Logprobs are flaky with gpt-4o. Sometimes the logprob for the top token is coming back as -9999.0 and the top_logprobs do not align with what is actually generated. I tested this same problem with gpt-4 and gpt-4o-mini and it seems to work fine, so seems just to be a problem with 4o.
See below:
ipdb> response.choices[0].logprobs.content[20]
ChatCompletionTokenLogprob(token='no', bytes=[110, 111], logprob=-9999.0, top_logprobs=[TopLogprob(token='iveness', bytes=[105, 118, 101, 110, 101, 115, 115], logprob=0.0), TopLogprob(token='iven', bytes=[105, 118, 101, 110], logprob=-19.625)])
ipdb> response.choices[0].logprobs.content[28]
ChatCompletionTokenLogprob(token='yes', bytes=[121, 101, 115], logprob=-9999.0, top_logprobs=[TopLogprob(token=' Utility', bytes=[32, 85, 116, 105, 108, 105, 116, 121], logprob=0.0), TopLogprob(token='Utility', bytes=[85, 116, 105, 108, 105, 116, 121], logprob=-20.625)])
Iām trying to use LLMs to āevaluateā some conversations by answering a few yes/no questions.
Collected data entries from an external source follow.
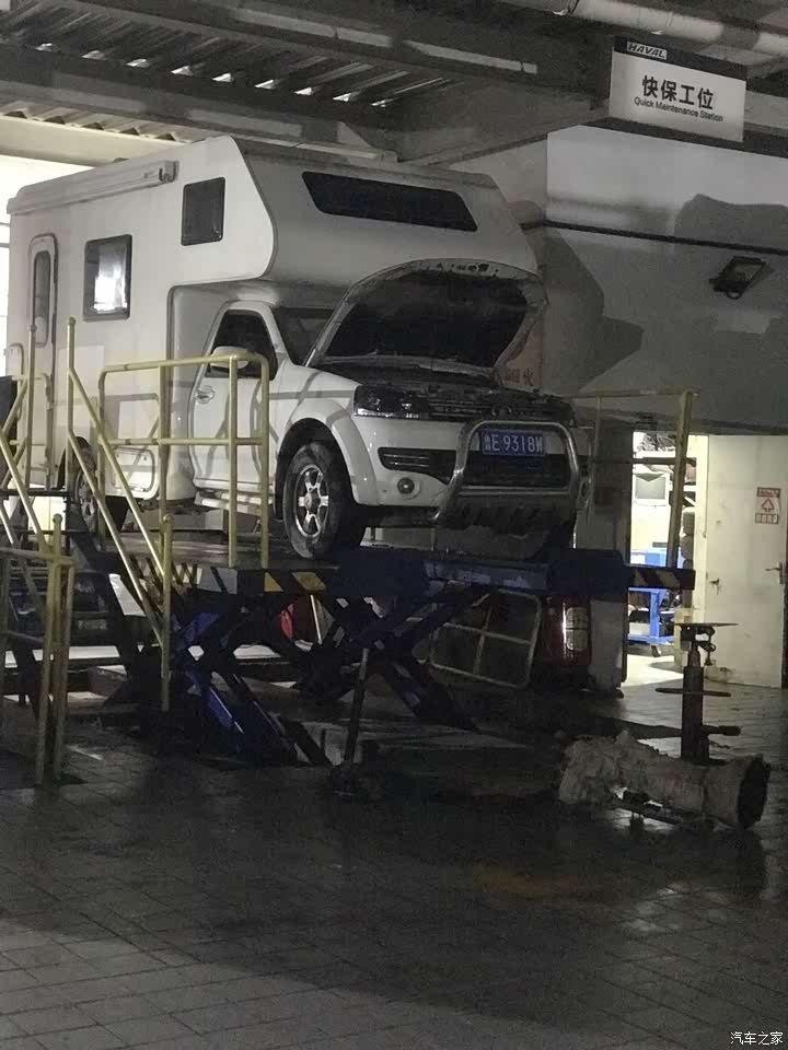 基本是按照使用手册进行保养,由于车身高度3.3米,只能在有大型升台架或检修地道的4S店做保养。
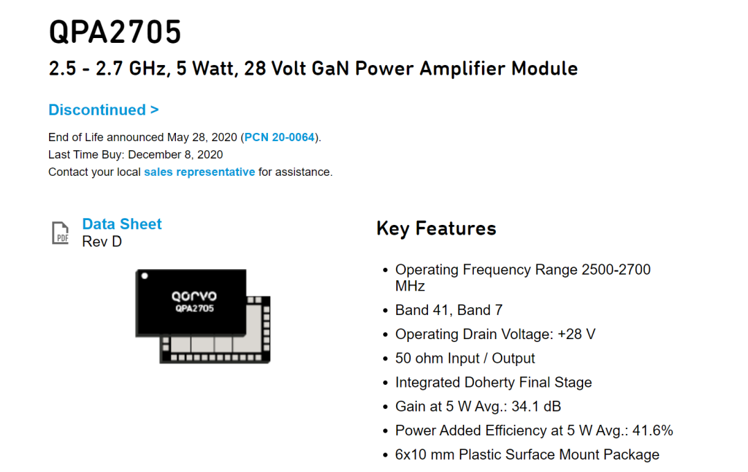 以 QPA2705 模块为例,这款基于 GaN 工艺的 Doherty 功率放大器模块,在 2.6GHz 频段展现出了卓越的性能。其副放大器能够提供 27dBm 的输出功率,效率高达 65% ,就像一台高性能的发动机,能够高效地输出强大的动力。而主放大器则采用 AB 类偏置,静态电流设置为 50mA ,在保证线性度的同时,也维持了较高的效率。通过这种精心的器件选型和偏置策略,整个模块在平均功率点(回退 6dB)的效率成功提升至 55% ,为系统的高效运行提供了有力保障。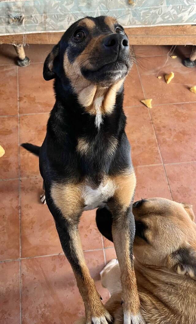 Zusammen mit meinen Freundinnen Margot und Naomi wurde ich an den Bahngleisen gefunden, ganz in der Nähe des Refugios. Warum wir dort gelandet sind, weiß ich nicht – wir hatten wohl mal ein Zuhause, aber wir waren nicht gechippt und so hat uns niemand vermisst. Zum Glück hat uns die Gemeinde eingesammelt und zu den lieben Menschen hier gebracht.

I want to use logprobs to obtain a probability score.
To Reproduce
- Write a prompt that asks for a bunch of questions with yes/no answers (I am not at liberty to share the one I used as it contains company IP)
- Execute the llm_annotate_conversation function below
- Inspect the logprobs at the position of yes/no tokens
useful helper:
yesno_idxs = [i for i, tokenlogprob in enumerate(response.choices[0].logprobs.content) if tokenlogprob.token.strip().lower() in ['yes', 'no']]
Think this is a problem with the actual API over the python sdk.